Craft brewing has also changed hop production from a food safety perspective. It used to be that hops were added to the boiling part of the beer making process, which essentially pasteurized the hop, but craft brewers also do what’s called dry hopping where they add the hops after the boil, usually in the secondary fermenter,  to get that super hoppy aroma characteristic of an IPA. Adding the hops after the boil means the hops are not pasteurized, so brewers are demanding a much cleaner process of hop production on Coleman’s end to help reduce the risk of infection. Don’t freak out about your IPA, though – like I said, lupulin has antibiotic properties, which is one of the historical reasons hops were added to beer in the first place, so the risk is inherently low.  hops-7Another risk associated with hops is the risk of spontaneous combustion. Not for you, beer drinker, but for the grower and the transporter. Earlier I talked about the target moisture range of nine to ten percent, and part of that is because that prevents the bales of hops from catching on fire.
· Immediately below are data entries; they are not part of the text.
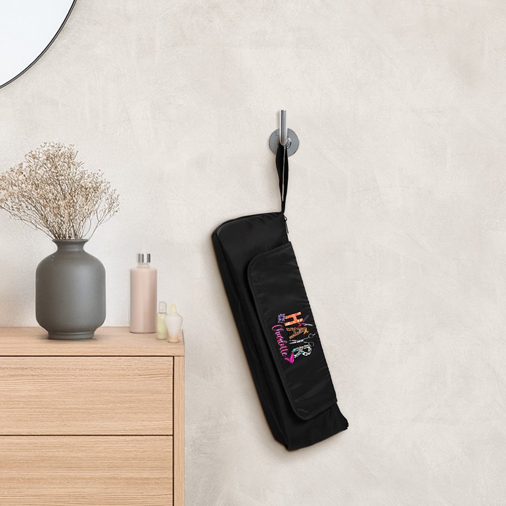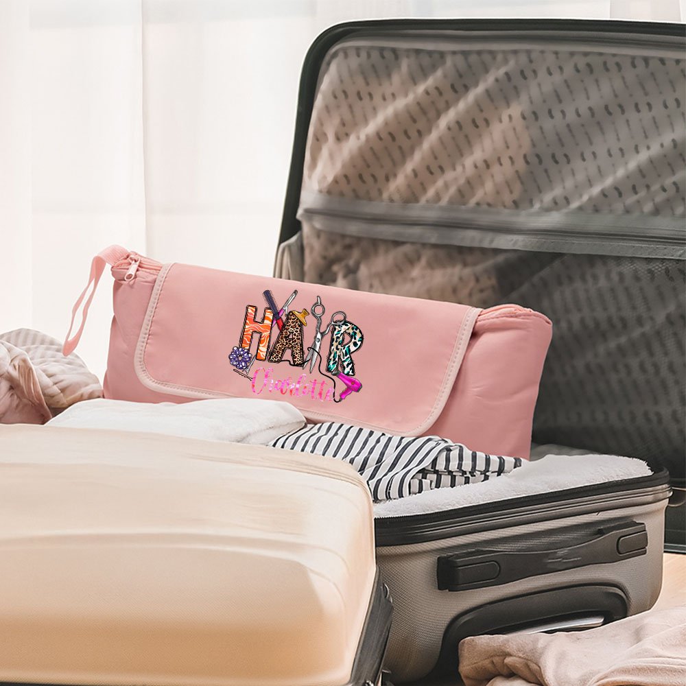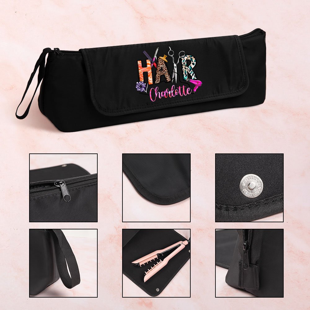 This storage bag's design is creative. The word "Hair" is printed in a leopard print pattern, highlighting the atmosphere of fashion and personality. The surrounding scissors, hairdryer, and flower patterns add a bit of playfulness and cuteness. The bag can also be customized with a name, making each bag a unique piece of art.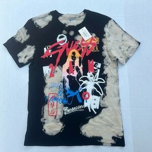 New GUESS Edgy and vibrant, this jersey tee features a tie-dye wash, front graphic and short sleeves.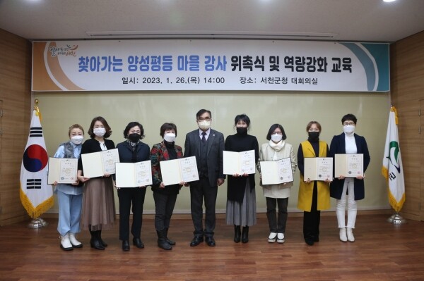 충남 서천군은 지난달 26일 군민을 대상으로 양성평등 정책에 대한 공감대 형성과 양성평등 문화 확산을 위한 교육을 진행하는 '양성평등 마을강사' 9명을 위촉했다. 이들은 모두 출산·양육 등으로 경력이 단절된 여성들이다.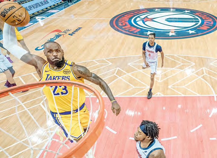 ▲ LeBron James anotó ayer 24 puntos y entregó 11 asistencias en la aplastante victoria de los Lakers de Los Ángeles por 134-96 sobre los Wizards de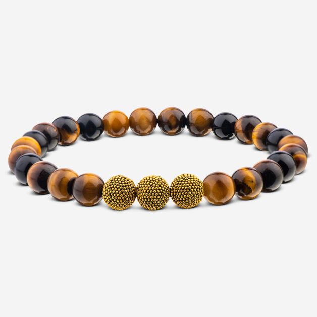Vergoldetes Sterlingsilber mit Onyx & braunem Tigerauge - 8mm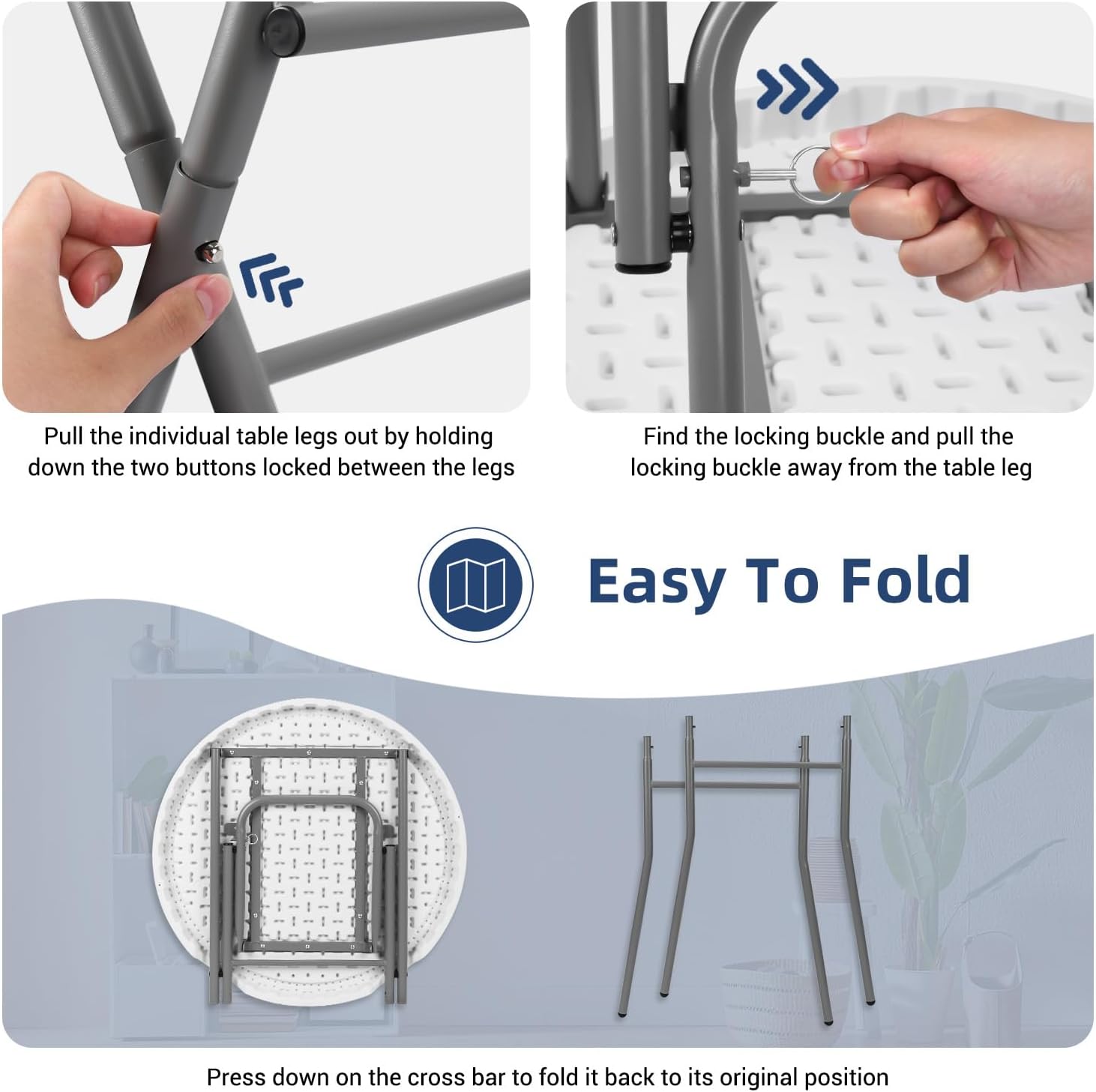 - EASY TO INSTALL: Our round folding table can be quickly installed in minutes. Fully pull up the legs attached to the tabletop, insert and lock the split legs in the form of combination rods. After completing, the pub table can be put into use

Coleman told me that hop houses and warehouses have burned down in the past because of that, and his cousin just barely saved their own storage warehouse from that same fate. Walking through the warehouse, his cousin smelled something amiss and started feeling the bales until he found a few that were hot to the touch. They pulled them out of the warehouse into the field and sure enough when they slit it with a knife the whole thing went up in flames. The moral of this story is to get a good moisture reading on your hops, like Coleman is doing here. Also, Coleman is paid by the pound, so he wants to make sure that the moisture level is at that top end of the target range – the more moisture they have, the more they weigh, and the more he gets paid. From  here the hops are delivered directly to cold storage and are tested for moisture and leaf and stem content. Smell is of utmost importance, so brewers get a special sample cut out of the bales and sent to them just so they can smell and verify before they put it in their beer.

That’s pretty much everything I learned about hop production. I hope you learned something, too! Now, I need a beer. Cheers.